The connection between ADHD and weight management - and the strategies I use 


When it comes to ADHD and food, the struggles aren’t just about cravings or poor willpower. They’re about wiring. ADHD brains process stimulation, emotion, and motivation differently, and that has a direct impact on eating habits.

 

The link between ADHD and weight issues is undeniable, and it’s becoming a huge focus of research. Studies show that children with ADHD are around 40% more likely to be overweight, and adults may be up to 70% more likely to struggle with obesity. In fact, ADHD is estimated to be twice as common among children who are overweight compared to their peers of normal weight. These aren’t small numbers; they highlight a clear, measurable connection between ADHD wiring and challenges with food, weight, and long-term health

 

My Lightbulb Moment as an ADHD person


Sonia looking into the fridge, with her hand on her chin and head tilted, bored and looking for a dopamine hit through food.

I always felt my relationship with food was my fault; somehow, I should have had more willpower like others. I could clearly see my patterns were wonky, but I didn’t realise just how deeply ADHD was woven into those patterns.

" Living with ADHD often feels like having 100 tabs open in my brain at all times - constant noise, constant juggling, constant searching for relief."

When I was formally diagnosed three years ago, the pieces started to click into place - from my relentless sugar cravings to my chaotic sleep patterns to my struggles with impulsive food choices. It wasn’t weakness or lack of willpower. It was wiring.

 

And that’s what this blog is about: how ADHD symptoms show up in overeating, why the science makes sense, and what we can actually do about it.

 

If you’ve ever wondered why you reach for sugar when you’re bored, forget meals until you’re starving, or lose all motivation halfway through a diet plan, you’re not broken. You could be working with an ADHD brain.

 

I know this, because it’s my reality too.

 

Why ADHD Brains Crave Sugar and Stimulation

 

ADHD is often described as a “dopamine deficiency disorder.” Our brains don’t release or regulate dopamine consistently. Dopamine drives focus, motivation, and reward - so we go looking for it in other ways.

Sugar = quick dopamine hit. For me, biscuits and chocolate used to be my go-to. They were instant comfort, a reward at the end of a stressful day, and sometimes the only thing that could cut through boredom.

Addiction vulnerability. I’ve battled both food and alcohol addiction. Both gave me that same dopamine rush. And the truth is, my ADHD wiring made me more susceptible. 

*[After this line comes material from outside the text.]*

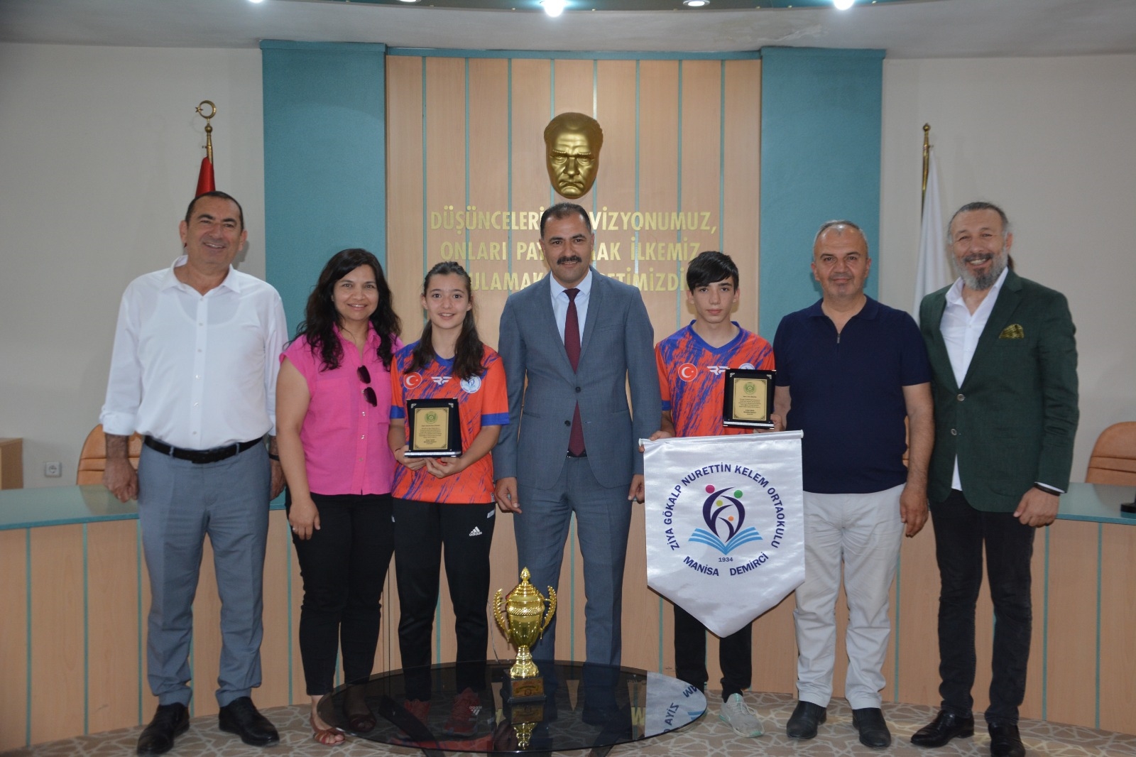 Belediye Başkanı Erkan Kara, Belediye Başkan Yardımcısı İsmail Hakkı Gül ve İlçe Milli Eğitim Müdürü Bilal Çetinkaya tarafından Demirci'yi Türkiye geneli Oryantiring yarışmalarında en iyi şekilde temsil eden sporcuları tek tek tebrik ederek, teşekkür plaketlerini takdim ettiler.

Sonia's "dopamine wall", a bright pink wall with lots of colourful inspirational quotes on it


Now I create dopamine differently - through my dopamine wall (where I have photos and affirmations of my client wins to increase my dopamine), journaling in the sun, or even ticking something off my to-do list. The inner work I practice and teach for emotional eating and dealing with food noise is the exact work needed to work with ADHD.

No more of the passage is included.